**Records supplied:**
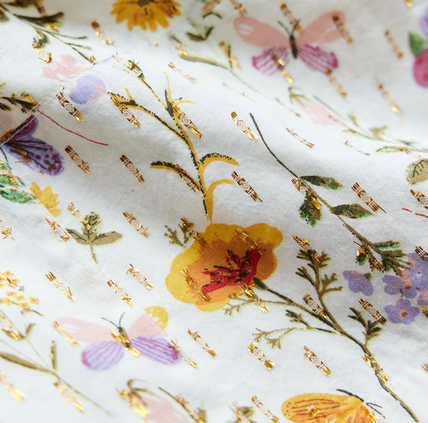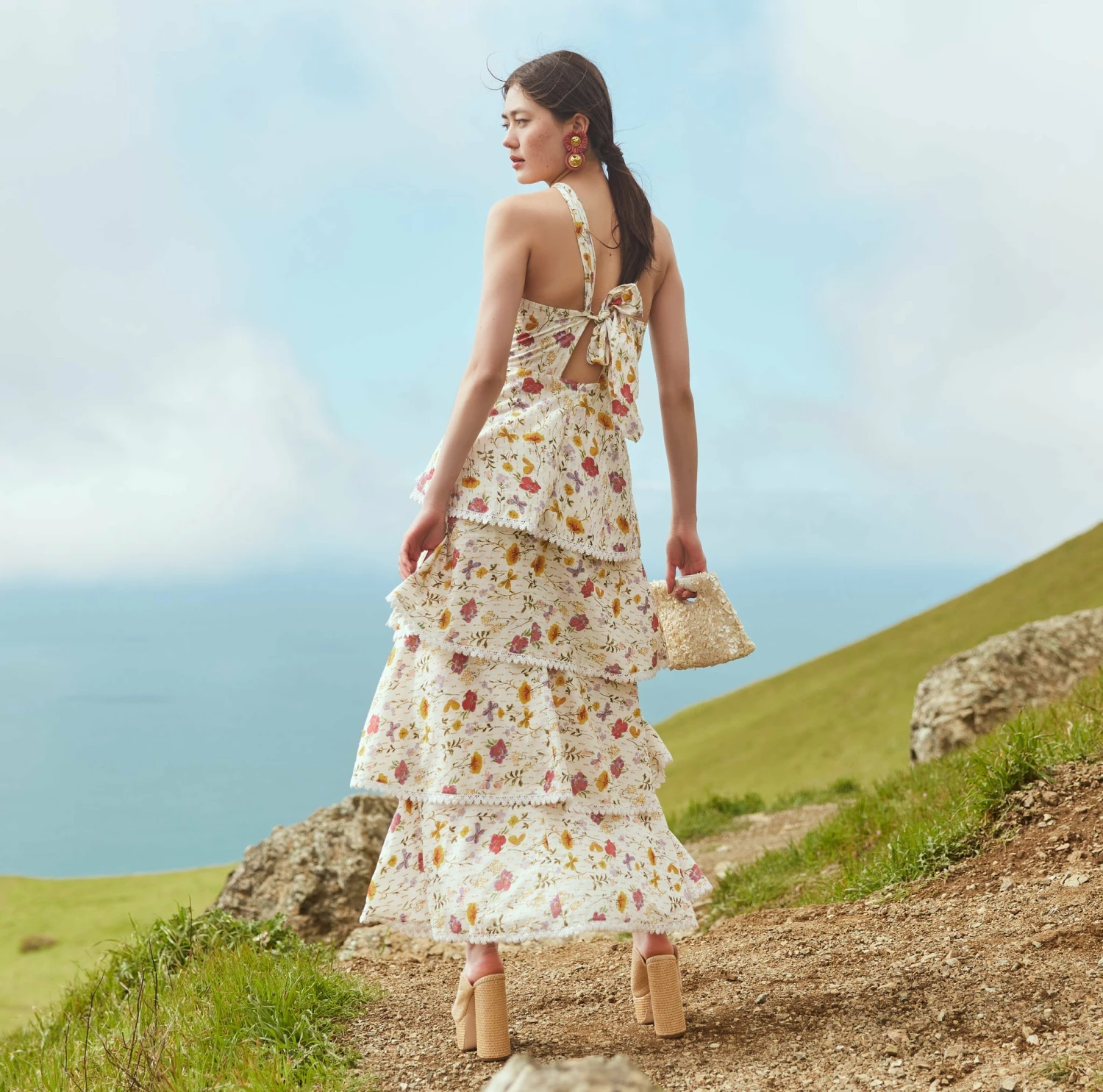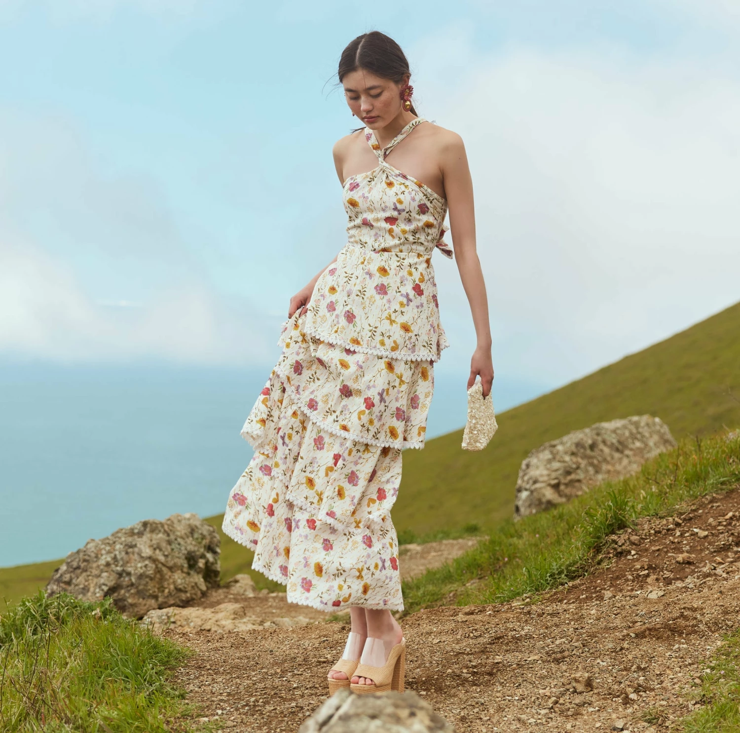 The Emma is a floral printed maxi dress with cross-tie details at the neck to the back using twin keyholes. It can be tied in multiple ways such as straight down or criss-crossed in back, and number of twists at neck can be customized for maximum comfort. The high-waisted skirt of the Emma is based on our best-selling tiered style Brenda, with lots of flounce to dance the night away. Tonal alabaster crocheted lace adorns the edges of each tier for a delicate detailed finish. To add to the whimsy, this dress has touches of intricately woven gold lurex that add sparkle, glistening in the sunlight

* * *

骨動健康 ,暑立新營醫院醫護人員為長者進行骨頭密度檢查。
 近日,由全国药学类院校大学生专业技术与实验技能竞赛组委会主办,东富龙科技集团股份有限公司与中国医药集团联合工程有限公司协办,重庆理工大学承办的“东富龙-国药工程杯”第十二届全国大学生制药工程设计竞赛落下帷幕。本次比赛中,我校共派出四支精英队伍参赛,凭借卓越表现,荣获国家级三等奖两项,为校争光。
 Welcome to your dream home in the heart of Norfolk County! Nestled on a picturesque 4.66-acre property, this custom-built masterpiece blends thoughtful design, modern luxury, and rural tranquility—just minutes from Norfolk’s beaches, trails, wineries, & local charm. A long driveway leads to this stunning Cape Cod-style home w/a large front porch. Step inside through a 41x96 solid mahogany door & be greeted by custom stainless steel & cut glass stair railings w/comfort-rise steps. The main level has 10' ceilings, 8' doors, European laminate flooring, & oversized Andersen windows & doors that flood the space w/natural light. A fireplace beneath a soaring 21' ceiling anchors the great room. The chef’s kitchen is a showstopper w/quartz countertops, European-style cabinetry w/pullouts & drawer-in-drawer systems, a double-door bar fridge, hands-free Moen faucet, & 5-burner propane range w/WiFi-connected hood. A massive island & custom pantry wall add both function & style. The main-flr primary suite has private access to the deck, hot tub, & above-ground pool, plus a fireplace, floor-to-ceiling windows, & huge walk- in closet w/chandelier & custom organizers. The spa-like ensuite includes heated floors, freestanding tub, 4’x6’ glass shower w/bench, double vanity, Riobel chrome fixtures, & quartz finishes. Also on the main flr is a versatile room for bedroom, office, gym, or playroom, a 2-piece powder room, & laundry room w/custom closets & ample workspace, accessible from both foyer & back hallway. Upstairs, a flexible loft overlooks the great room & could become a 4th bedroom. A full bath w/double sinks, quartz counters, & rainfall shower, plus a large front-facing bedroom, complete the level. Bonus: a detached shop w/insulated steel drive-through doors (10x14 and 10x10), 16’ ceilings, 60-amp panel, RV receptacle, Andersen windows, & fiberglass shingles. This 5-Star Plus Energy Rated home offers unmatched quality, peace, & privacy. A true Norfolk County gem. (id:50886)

* * *

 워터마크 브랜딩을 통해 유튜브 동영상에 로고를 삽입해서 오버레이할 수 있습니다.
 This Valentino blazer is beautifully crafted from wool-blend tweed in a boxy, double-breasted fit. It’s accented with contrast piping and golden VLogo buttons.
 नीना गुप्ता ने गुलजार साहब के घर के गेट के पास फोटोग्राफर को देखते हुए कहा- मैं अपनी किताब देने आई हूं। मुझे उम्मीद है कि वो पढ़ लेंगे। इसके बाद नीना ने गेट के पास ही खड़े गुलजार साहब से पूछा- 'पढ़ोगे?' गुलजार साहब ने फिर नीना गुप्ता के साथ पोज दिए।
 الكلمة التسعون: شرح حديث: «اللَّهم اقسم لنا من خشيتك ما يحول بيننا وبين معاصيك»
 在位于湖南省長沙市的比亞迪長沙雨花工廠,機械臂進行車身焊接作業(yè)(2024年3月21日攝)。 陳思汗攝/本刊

**What the exercise asks:**
Please return only the lines above, starting at the line that has "الكلمة التسعون: شرح" and ending at the line that has "在位于湖南省長沙市的比亞迪長", keeping both and leaving each one unchanged.

**Exercise result:**
 الكلمة التسعون: شرح حديث: «اللَّهم اقسم لنا من خشيتك ما يحول بيننا وبين معاصيك»
 在位于湖南省長沙市的比亞迪長沙雨花工廠,機械臂進行車身焊接作業(yè)(2024年3月21日攝)。 陳思汗攝/本刊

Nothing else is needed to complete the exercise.